00:13:23.140 | So we're going to say tokens contains bananas, or tokens contains way.
00:13:36.900 | And let's return and see what we get.
00:13:40.660 | So you can see that we're returning one new sentence, which is this one here, which does
00:13:48.980 | not contain bananas, but it does contain way.
00:13:53.500 | Now that's using the or statement here, but we can also use, which is probably simpler,
00:14:04.780 | we can also write this using the in modifier.
00:14:10.760 | So we first write tokens, and then we say within tokens, within or in, we want to search
00:14:23.140 | for any records that contain either bananas or way.

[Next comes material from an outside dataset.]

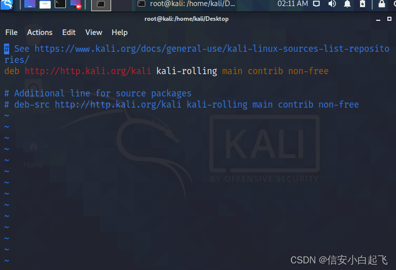 - deb http://mirrors.ustc.edu.cn/kali kali-rolling main non-free contrib

00:14:30.500 | And this will produce the exact same results as what we got before.
00:14:34.020 | So you see, we return those same five sentences.
00:14:39.380 | So they're the two tool alternatives we have for or logic in our keyword search.
00:14:46.700 | And let's copy this one.
00:14:49.380 | And what we're going to do is just modify or, and replace it with and.
00:14:54.860 | So now we're saying we only want to return sentences that contain both the word bananas
00:15:01.540 | and also the word way.
00:15:04.480 | So we do that.
00:15:06.220 | And we see now we're only returning these two, which contain both of those words.
00:15:10.220 | Now another thing that you might want to add here is, let's say maybe we do want the word
00:15:19.780 | way, but we also want to specify that we actually don't want any records that contain the word
00:15:27.260 | bananas.
00:15:28.620 | And again, we can still use the and statement here.
00:15:32.620 | And the only thing we actually need to change is we have to add a not equals ne to the bananas
00:15:42.820 | condition.
00:15:43.820 | And this will invert that single condition here.
00:15:48.180 | Okay, so now we're searching for any records that do not contain bananas and contain the
00:15:56.980 | word way.
00:15:59.040 | So we execute that and we'll see that there's only actually one of those.
00:16:03.260 | So there's only one sentence that contains the word way and does not contain the word
00:16:08.420 | bananas.
00:16:10.300 | And what if we'd like to negate both of these?
00:16:14.500 | Well, we could just add this, this any to the way condition as well, or what is simpler
00:16:23.340 | using the not in modifier.
00:16:27.940 | So actually what we can do is we'll come up here and you see we have the, we have the
00:16:34.700 | in modifier here.
00:16:37.380 | Very very similar.
00:16:38.380 | All we need to do is bring that down here and replace in with not in.
00:16:44.940 | And if we then search, what we're doing here is searching for any records that do not contain
00:16:52.380 | the word bananas or the word way.
00:16:56.420 | So here we're saying any sentences that contain just one of these words, we're not interested,
00:17:03.220 | we exclude those.
00:17:04.580 | So that's it for this introduction to hybrid search using both semantic search and keyword
00:17:11.780 | search in Pinecone.
00:17:14.380 | We hope that this has been useful and we'll see you in the next video.